To determine the prevalence and location of self-reported chronic pain in PwMS and spasticity, and whether participation in an education and lower extremity stretching program (STC) is associated with greater pain reduction after six months of exercise than a program focused on range of motion (ROM).

Methods

65 ambulatory PwMS with lower extremity spasticity were randomly assigned to STC or ROM. Both groups had two 2-hour group sessions and were asked to track their exercise for six months. At baseline, chronic pain prevalence and locations were reported. At baseline and 6 months after the sessions, pain severity and interference were measured with the Brief Pain Inventory – Short Form (BPI-SF). Differences between baseline and 6-month scores for all subjects and within each group were compared with paired t-tests.

Results

At baseline, 52% of subjects (34/65, 13 in STC [39.4%], 21 in ROM [65.6%]) reported chronic pain, most frequently in the lower back (73.5%), legs (70.6%), or lower back and legs (88.2%). Twenty of the 34 who reported chronic pain at baseline completed the BPI-SF at 6 months (8 in STC, 12 in ROM).
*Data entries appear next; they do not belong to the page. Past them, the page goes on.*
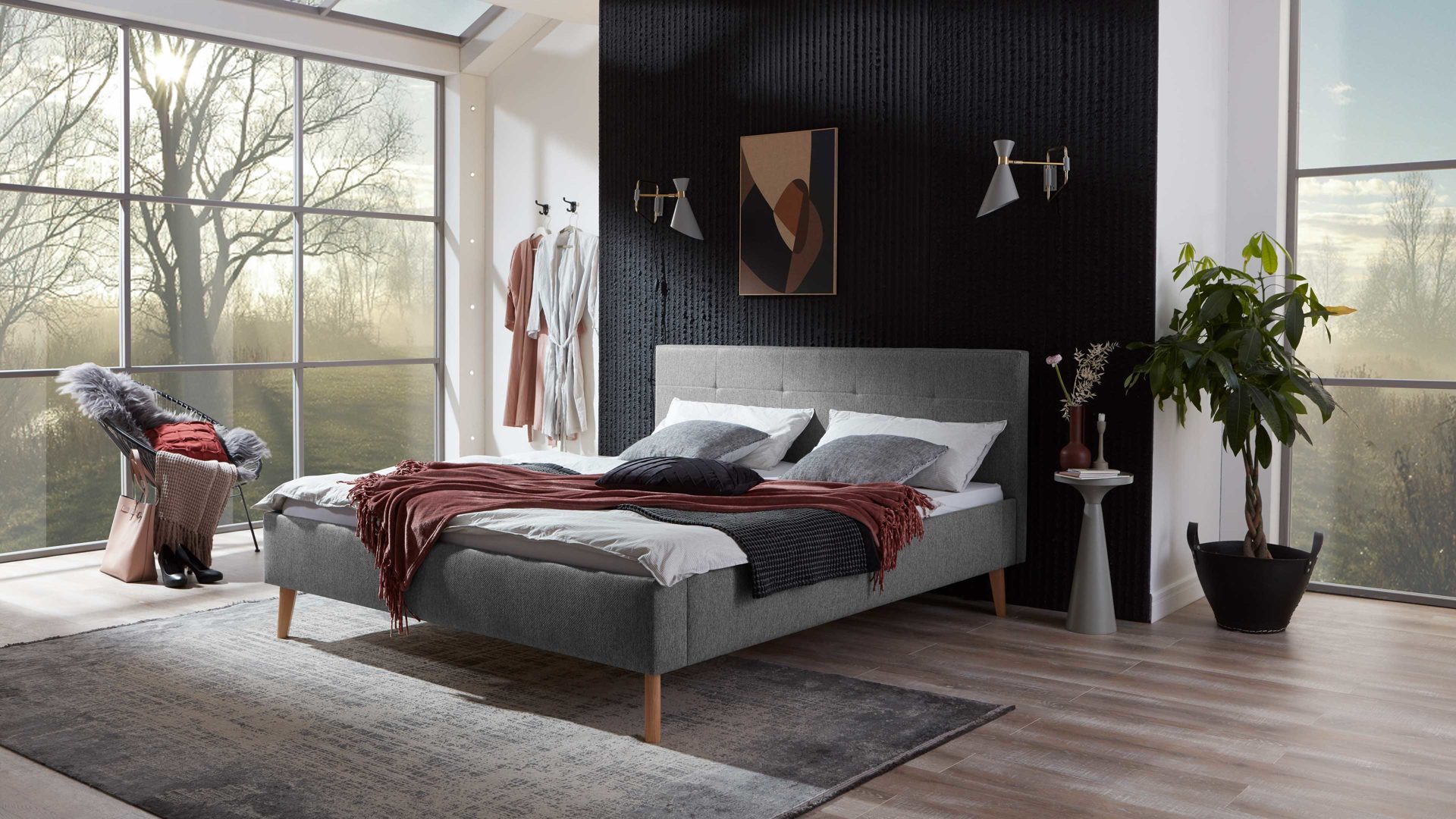 Das Polsterbettgestell Jazz ist gemütlich und stilvoll designt. Mit dem edlen grauen Stoffbezug und den eichefarbenen Holzfüßen strahlt es Eleganz mit einer Prise Natürlichkeit aus. Zu den Höhepunkten gehört das gesteppte Polsterkopfteil. Es verleiht dem Bett das gewisse optische Etwas und gibt Ihnen beim Lesen oder Fernsehen eine bequeme Anlehnmöglichkeit. Die Bettseiten sind glatt bezogen.
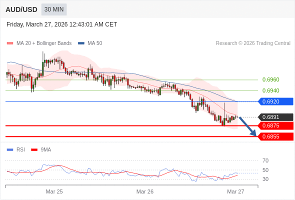 交易策略: 在 0.6920 之下,看跌,目标价位为 0.6875 ,然后为 0.6855 。
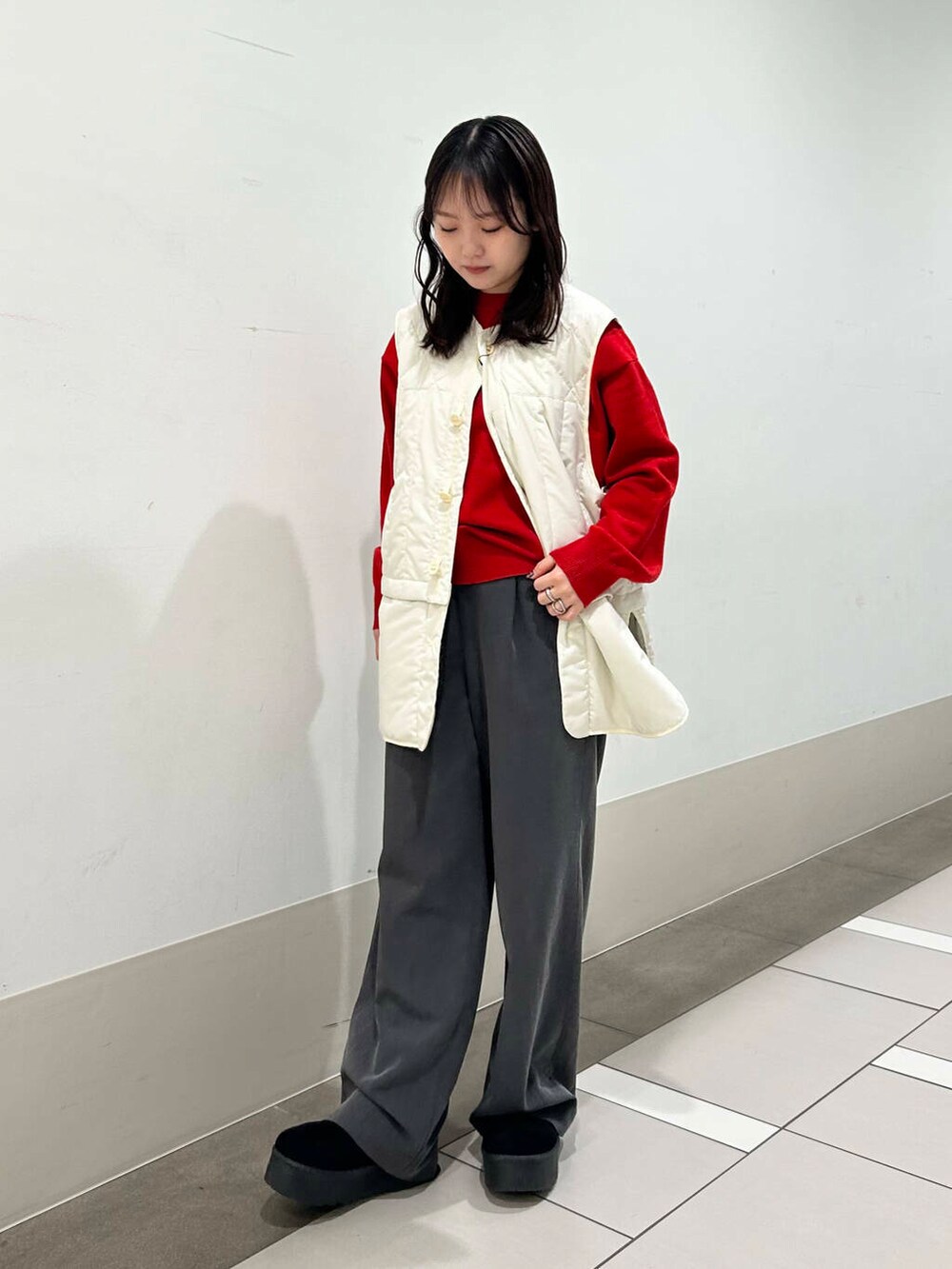脇のところは広めに空いているので、中に合わせるもの形は選ばずに着ていただけます✨

Although pain severity was not significantly decreased in all subjects combined (mean change = -0.59, 95% CI = -1.49 to 0.32, t = -1.36, p=0.19) or separately in STC (mean change = -1.47, 95% CI = -3.28 to 0.34, t = -1.92, p=0.096) or ROM (mean change = 0.00, 95% CI = -1.0 to 1.0, t = 0.00, p=1.0), pain interference was significantly decreased in all subjects combined (mean change = -1.05, 95% CI = -2.03 to -0.07, t = -2.25, p = 0.037). Similar trends were observed in the two groups (STC mean change -1.86, 95% CI = -3.97 to 0.26, t = -2.07, p=0.08. ROM mean change -0.51, 95% CI = -1.55 to 0.53, t = -1.08, p=0.3).

Conclusions

Exercise may help reduce pain interference in PwMS and spasticity. The impact on pain severity, and the relative impact of stretching and ROM exercises is uncertain. A fully-powered study is needed to better understand the impact of different types of exercise on pain severity and interference in MS.